Thursday, April 01, 2010

How to tell if a file is a Word document

I am building a tool that needs to do something to all the Word documents in a set of folders. There are other sorts of files in these folders so I need to filter the list. I didn't want to hard code the file extensions that constitute Word documents because these change according to the version and will do so in future. So I decided to develop a function that is cross-version compatible.

To determine the documents that Microsoft Word can open and update natively, I am using the Filters collection from the Application.FileDialog object which is available in Word version 2002 onwards. This is the list of extensions that can be selected in the File Open dialog to filter the files that can be opened in Word. Seems to work like a charm. For earlier versions, you'll need to hardcode the extensions.


Public Function IsWordDocument(ByVal strExtension As String) As Boolean

    ' Developed by Warren Bain on 01/04/2010
    ' Copyright (c) Thought Croft Pty Ltd
    ' All rights reserved.

    ' Verifies if the supplied file extension e.g. "doc"
    ' is recognised as one of the documents that this version
    ' of Word can natively handle.  List is constructed from the
    ' types of documents that can be filtered in the Open File dialog
    ' therefore this only works from Microsoft Word 2002 onwards.

    Const strcNoiseChars           As String = "*?."
    Const strcSeparators           As String = ";,"
    Const strcDelimiter            As String = "|"

    Static colExtensions           As Collection

    Dim fdf                        As FileDialogFilter
    Dim astrExts                   As Variant
    Dim strExts                    As String
    Dim i                          As Integer

    ' Check if we have loaded the collection yet - only done once
    If colExtensions Is Nothing Then
        Set colExtensions = New Collection
        For Each fdf In Application.FileDialog(msoFileDialogOpen).Filters
            strExts = fdf.Extensions

            ' Remove any 'noise' characters from the string
            For i = 1 To Len(strcNoiseChars)
                strExts = Replace(strExts, Mid$(strcNoiseChars, i, 1), vbNullString)
            Next i

            ' Ensure we standardise on separators used
            For i = 1 To Len(strcSeparators)
                strExts = Replace(strExts, Mid$(strcSeparators, i, 1), strcDelimiter)
            Next i

            ' Turn the current set of extensions into an array
            astrExts = Split(strExts, strcDelimiter)
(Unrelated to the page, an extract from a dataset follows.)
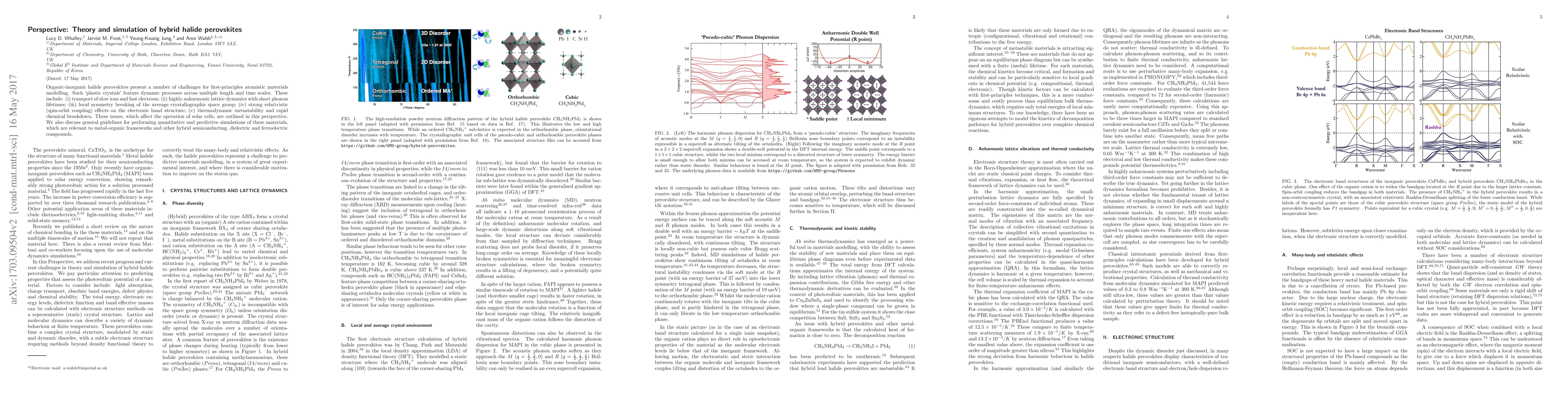 Organic-inorganic halide perovskites present a number of challenges for first-principles atomistic materials modelling. These `plastic crystals' feature dynamic processes across multiple length-scales and time-scales, which include: (i) transport of slow ions and fast electrons; (ii) highly anharmonic lattice dynamics with short phonon lifetimes; (iii) local symmetry breaking of the average crystallographic space group; (iv) strong relativistic (spin-orbit coupling) effects on the electronic band structure; (v) thermodynamic metastability and rapid chemical breakdown. These issues, which affect the operation of solar cells, are outlined in this perspective. We also discuss general guidelines for performing quantitative and predictive simulations of these materials, which are relevant to metal-organic frameworks and other hybrid semiconducting, dielectric and ferroelectric compounds.

            ' Add all the ones we haven't already got
            For i = LBound(astrExts) To UBound(astrExts)
                ' If already there, this will fail so ignore
                On Error Resume Next
                colExtensions.Add Trim(astrExts(i)), Trim(astrExts(i))
                On Error GoTo 0
            Next i
        Next fdf
    End If

    ' We just try and look up the file type and if it fails
    ' then it is not an intrinsically supported document
    On Error Resume Next
    strExts = colExtensions.Item(strExtension)
    IsWordDocument = (Err = 0)
End Function